Resource links provided by the National Library of Medicine


Group/Cohort
Moderna COVID-19 Vaccine in Pregnant Women
The Moderna COVID-19 Vaccine Pregnancy Registry will collect primary data from pregnant women who have received the Moderna COVID-19 vaccine and their healthcare providers (HCPs).



Primary Outcome Measures :
  1. Number of Participants Having Infants With Suspected Major and Minor Congenital Malformations [ Time Frame: Up to 1 year of infant age ]
    Major malformations are those that have significant medical, social or cosmetic consequences, and typically require surgical intervention or are life-threatening (for example, cleft lip, spina bifida).

  2. Number of Participants With Any Pregnancy Complications [ Time Frame: From end of first trimester (approximately 14 weeks) up to mid-third trimester (approximately 34 weeks) ]
    Pregnancy complications may include preeclampsia, eclampsia, pregnancy-induced hypertension, antenatal bleeding, preterm labor, gestational diabetes, dysfunctional labor, premature rupture of membranes, placenta previa, postpartum hemorrhage, small-for-gestational-age (SGA) fetus and intrauterine growth restriction (IUGR), and non-reassuring fetal status.
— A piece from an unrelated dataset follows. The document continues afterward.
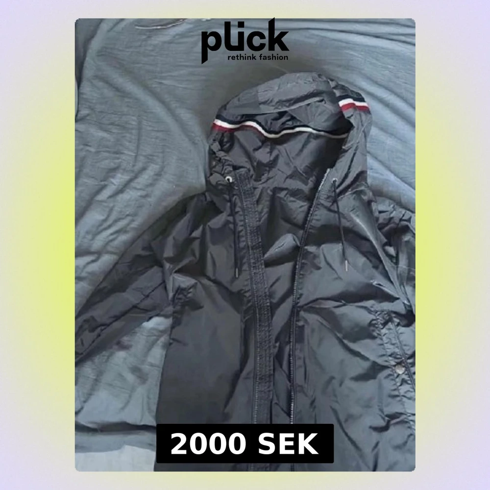 Snygg svart vindjacka med dragkedja och huva. Jackan har vita och röda detaljer på huvan samt justerbara snören. Tillverkad i ett glansigt, vindtätt material som passar perfekt för blåsiga dagar. Storlek 1 enligt etiketten.

  3. Number of Participants With Any Pregnancy Outcomes [ Time Frame: Approximately 4 weeks after expected date of delivery (EDD) ]
    Pregnancy outcomes may include spontaneous abortions, fetal death or stillbirth, live birth, elective or therapeutic pregnancy terminations, preterm birth, ectopic pregnancies, molar pregnancies, maternal death, and COVID-19 diagnosis.

  4. Number of Participants With Infant Outcomes [ Time Frame: Up to 1 year of infant age ]
    Infant outcomes may include minor congenital malformations, size of gestational age, low birth weight, size for age, failure to thrive, hospitalization of infants, neonatal death, perinatal death, neonatal encephalopathy, respiratory distress in the newborn, neonatal/infant infection, infant death, and infant developmental milestones.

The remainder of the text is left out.